Supplied data:
= Beginning of Section =
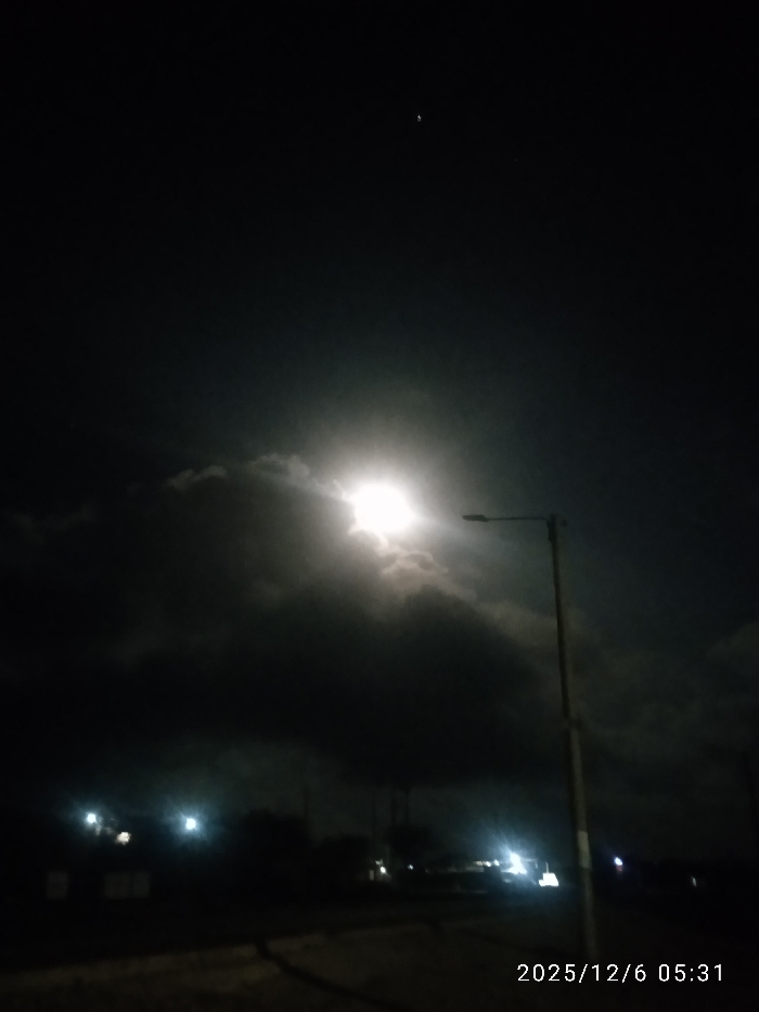 A nighttime landscape features a bright moon obscured by dark clouds, casting a diffused glow. A streetlight stands on the right, its beam contrasting with the moonlight. Below, a road leads into the distance where faint lights suggest buildings or vehicles. The darkness dominates, punctuated by the bright moon and scattered lights. The date "2025/12/6 05:31" is printed at the bottom.
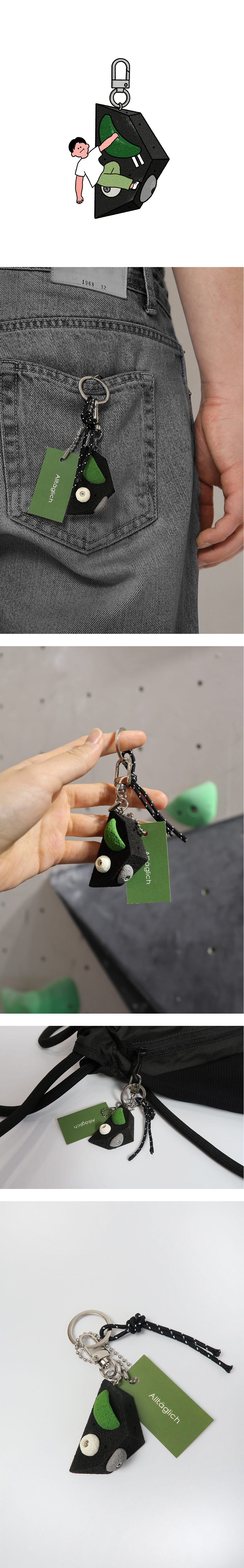 VOLUME HOLD KEYRING은 클라이밍에서 루트를 더 입체적이고 창의적으로, 때론 더 어렵고 재밌게 만들어주는 볼륨 홀드에서 영감을 받아 제작되었습니다. 미니 루트 한 조각! 크고 작은 홀드들이 만들어내는 귀여운 조합으로 볼더링의 감각을 손안에서 느껴보세요!
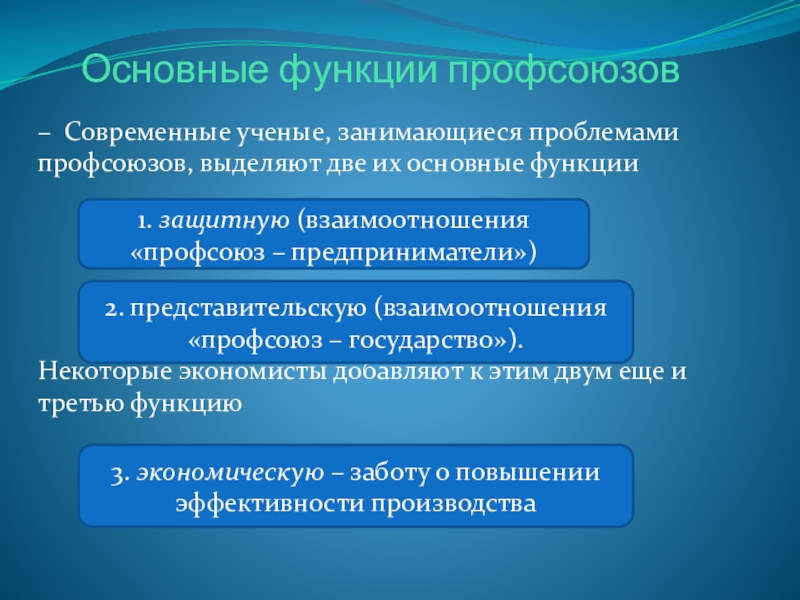 1. защитную (взаимоотношения «профсоюз – предприниматели»)
= End of Section =
Problem: Give back the material above exactly as written, but omit the images.

The completed task:
 A nighttime landscape features a bright moon obscured by dark clouds, casting a diffused glow. A streetlight stands on the right, its beam contrasting with the moonlight. Below, a road leads into the distance where faint lights suggest buildings or vehicles. The darkness dominates, punctuated by the bright moon and scattered lights. The date "2025/12/6 05:31" is printed at the bottom.
 VOLUME HOLD KEYRING은 클라이밍에서 루트를 더 입체적이고 창의적으로, 때론 더 어렵고 재밌게 만들어주는 볼륨 홀드에서 영감을 받아 제작되었습니다. 미니 루트 한 조각! 크고 작은 홀드들이 만들어내는 귀여운 조합으로 볼더링의 감각을 손안에서 느껴보세요!
 1. защитную (взаимоотношения «профсоюз – предприниматели»)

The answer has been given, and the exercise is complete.